What is required: An exact reproduction of the data below is expected, free of images.

Available data:
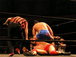 橋本スリーパー(右写真)、健心がカット。橋本ボディスラムからベイダーボム、カウント2。石川にタッチ。5分経過。
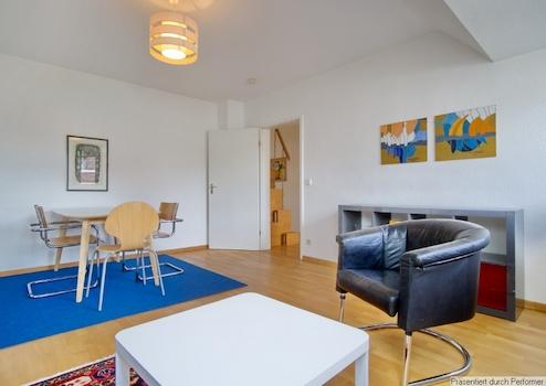 Attractive, cosy maisonette in an excellent, upmarket residential area, only five minutes’ walk from the Grafenberger Wald woods. International occupants welcome. Enjoy the view and the surrounding environment, which is peaceful and quiet at all times of day.
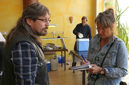 Zierfischexperten und Buchautor Dieter Untergasser im Gespräch (re.).
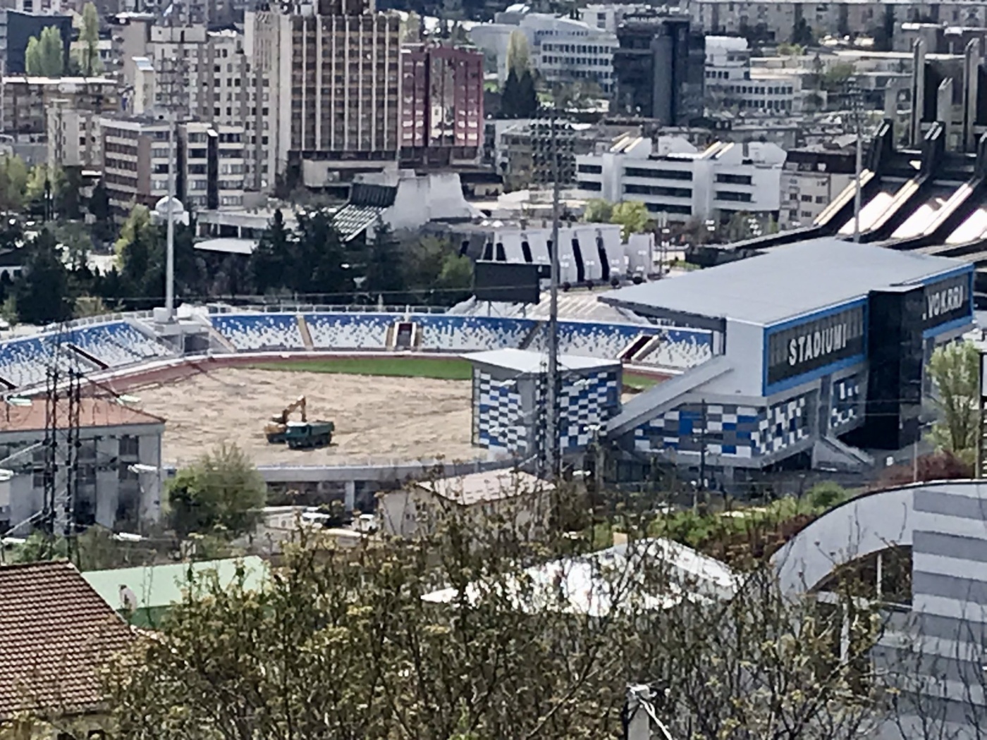 Në këtë stadium i zhvillon ndeshjet edhe kombëtarja e Kosovës, për çka ka shkruar edhe ambasadori francez në Kosovë, Olivier Guerot, i cili postoi një fotografi nga punimet që po zhvillohen në stadium.
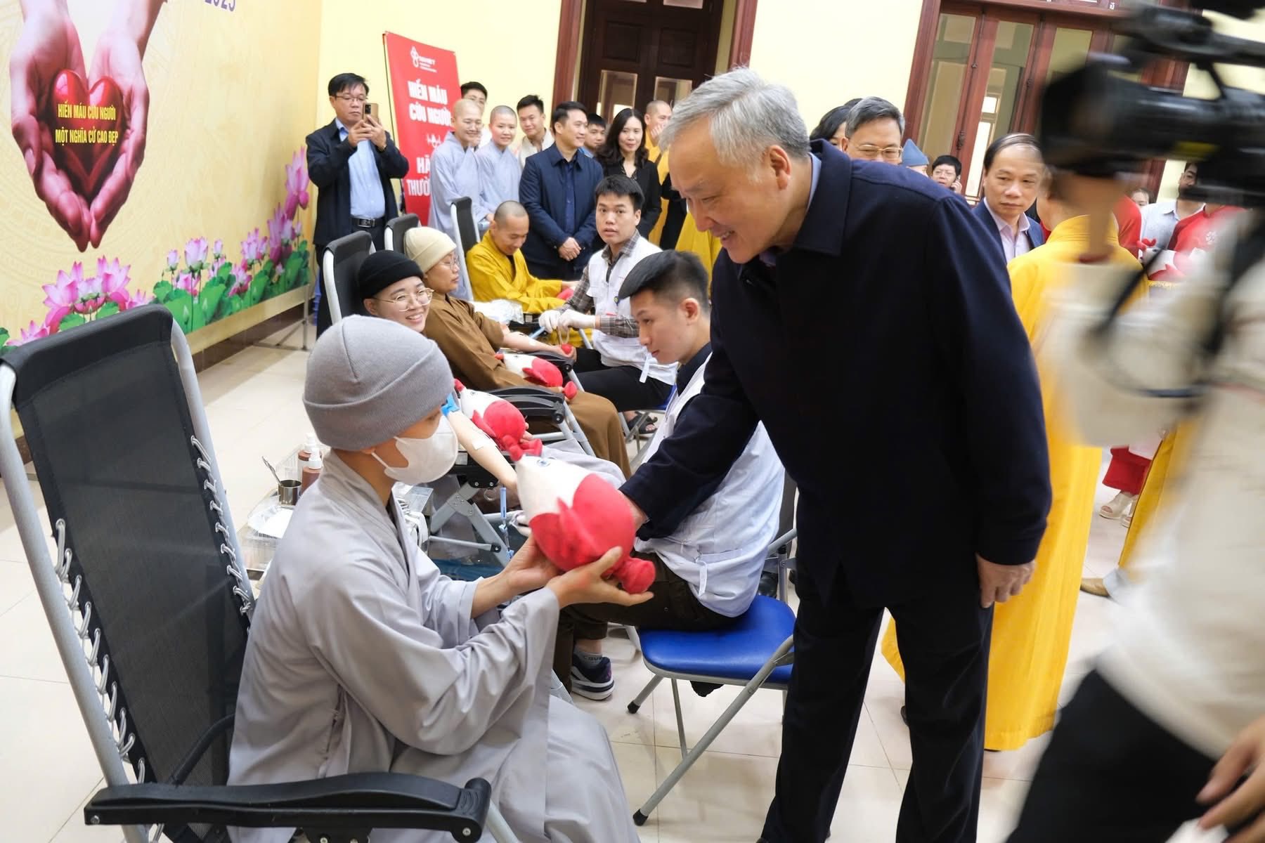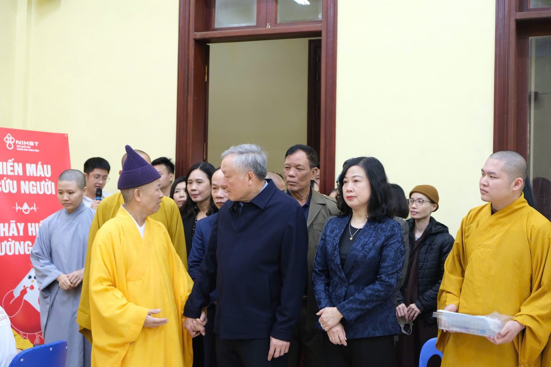 Sau đó, Phó Thủ tướng Thường trực Nguyễn Hoà Bình đã dự lễ Khai mạc ngày hội “Hiến máu cứu người – Hành Bồ-tát đạo năm 2025” của Học viện. Phó Thủ tướng Thường trực và các đại biểu ân cần hỏi thăm và động viên, khích lệ tinh thần từ bi – hỷ xả của các Tăng Ni sinh tham gia hiến máu trong buổi sáng qua.

Problem solution:
 橋本スリーパー(右写真)、健心がカット。橋本ボディスラムからベイダーボム、カウント2。石川にタッチ。5分経過。
 Attractive, cosy maisonette in an excellent, upmarket residential area, only five minutes’ walk from the Grafenberger Wald woods. International occupants welcome. Enjoy the view and the surrounding environment, which is peaceful and quiet at all times of day.
 Zierfischexperten und Buchautor Dieter Untergasser im Gespräch (re.).
 Në këtë stadium i zhvillon ndeshjet edhe kombëtarja e Kosovës, për çka ka shkruar edhe ambasadori francez në Kosovë, Olivier Guerot, i cili postoi një fotografi nga punimet që po zhvillohen në stadium.
 Sau đó, Phó Thủ tướng Thường trực Nguyễn Hoà Bình đã dự lễ Khai mạc ngày hội “Hiến máu cứu người – Hành Bồ-tát đạo năm 2025” của Học viện. Phó Thủ tướng Thường trực và các đại biểu ân cần hỏi thăm và động viên, khích lệ tinh thần từ bi – hỷ xả của các Tăng Ni sinh tham gia hiến máu trong buổi sáng qua.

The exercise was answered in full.